Reliability and Stability of the Solutions

Reliability and stability are the bedrocks upon which enterprise applications should be built. These characteristics ensure that solutions perform consistently under expected conditions and possesses the resilience needed to withstand unexpected situations. Drawing from my own experience, as well as the collective wisdom of the IT community, it’s clear that failing to meet these criteria—evidenced by solutions that does not pass User Acceptance Testing (UAT) or falters under unforeseen circumstances—can have dire consequences. These include not just immediate financial losses, but also long-term reputational damage and potential legal ramifications, all of which can significantly set back an organization’s progress.

Maintainability and Flexibility of the Codebase

The maintainability and flexibility of a codebase are crucial for the long-term health and scalability of solutions. A well-organized codebase enables developers to understand, modify, and extend the software efficiently, thereby adapting to new requirements or addressing issues as they arise. In contrast, a codebase that resembles a “nightmare”—difficult to decipher, modify, or expand—poses numerous challenges. It can lead to regression bugs, performance bottlenecks, and security vulnerabilities. Moreover, a poorly maintained codebase can affect team morale, diminish job satisfaction, and hinder an organization’s ability to attract and retain talent. Ensuring that the codebase remains clean, well-documented, and adherent to best practices is not just a technical requirement but a strategic imperative for fostering innovation and maintaining competitive edge.

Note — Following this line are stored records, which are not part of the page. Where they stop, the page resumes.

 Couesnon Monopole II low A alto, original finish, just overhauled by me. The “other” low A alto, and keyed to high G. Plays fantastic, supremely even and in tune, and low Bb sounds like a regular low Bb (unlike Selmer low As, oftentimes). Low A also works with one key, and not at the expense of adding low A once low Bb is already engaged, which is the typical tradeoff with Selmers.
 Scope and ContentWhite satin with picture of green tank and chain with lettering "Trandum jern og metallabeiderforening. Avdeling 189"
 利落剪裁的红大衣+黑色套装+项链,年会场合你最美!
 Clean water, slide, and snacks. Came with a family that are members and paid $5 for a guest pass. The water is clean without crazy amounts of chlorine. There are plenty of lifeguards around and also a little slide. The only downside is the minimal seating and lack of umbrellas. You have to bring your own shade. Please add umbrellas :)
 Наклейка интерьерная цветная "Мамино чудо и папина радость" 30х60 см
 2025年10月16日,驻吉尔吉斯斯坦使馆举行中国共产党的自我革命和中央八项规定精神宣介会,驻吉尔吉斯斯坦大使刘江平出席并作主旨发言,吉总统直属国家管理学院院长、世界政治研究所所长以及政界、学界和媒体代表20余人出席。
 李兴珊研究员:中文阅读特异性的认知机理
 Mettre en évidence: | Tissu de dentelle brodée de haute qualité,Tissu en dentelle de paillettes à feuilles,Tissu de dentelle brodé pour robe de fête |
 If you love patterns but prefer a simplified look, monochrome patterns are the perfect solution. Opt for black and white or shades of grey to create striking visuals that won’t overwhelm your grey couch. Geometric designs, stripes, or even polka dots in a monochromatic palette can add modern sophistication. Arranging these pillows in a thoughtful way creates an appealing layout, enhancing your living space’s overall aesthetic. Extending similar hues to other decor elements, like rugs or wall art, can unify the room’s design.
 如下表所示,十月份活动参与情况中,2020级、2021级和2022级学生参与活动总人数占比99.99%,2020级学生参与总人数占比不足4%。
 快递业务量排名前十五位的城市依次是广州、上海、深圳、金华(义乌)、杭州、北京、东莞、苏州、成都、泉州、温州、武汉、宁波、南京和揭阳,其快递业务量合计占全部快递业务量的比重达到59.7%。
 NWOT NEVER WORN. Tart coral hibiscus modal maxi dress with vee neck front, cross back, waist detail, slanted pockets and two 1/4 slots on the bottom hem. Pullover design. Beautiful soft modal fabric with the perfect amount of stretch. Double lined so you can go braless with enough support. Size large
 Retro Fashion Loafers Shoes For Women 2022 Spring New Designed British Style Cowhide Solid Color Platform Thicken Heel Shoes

In summary, the organization of a codebase for enterprise applications must address these critical concerns with diligence and foresight. By prioritizing alignment with the domain, reliability, stability, maintainability and flexibility, developers can lay a solid foundation for solutions that not only meets today’s challenges but is also poised to tackle tomorrow’s opportunities.

The drivers

In the journey of crafting a robust codebase for custom enterprise solutions, several key drivers pave the way for addressing common concerns while fostering innovation and efficiency. Let’s dive into these drivers, sharing insights from a personal perspective on how they contribute significantly to overcoming the challenges identified in the earlier sections.

Domain Driven Design (DDD)

Domain-Driven Design (DDD) is a sophisticated approach to software development that prioritizes the core logic and functionality of the business domain it aims to serve. The essence of DDD lies in its focus on understanding the business domain deeply and modeling software that reflects this understanding, thereby bridging the gap between technical implementation and business strategy. This methodology is particularly beneficial in complex domains where the business rules and processes are intricate and subject to frequent changes.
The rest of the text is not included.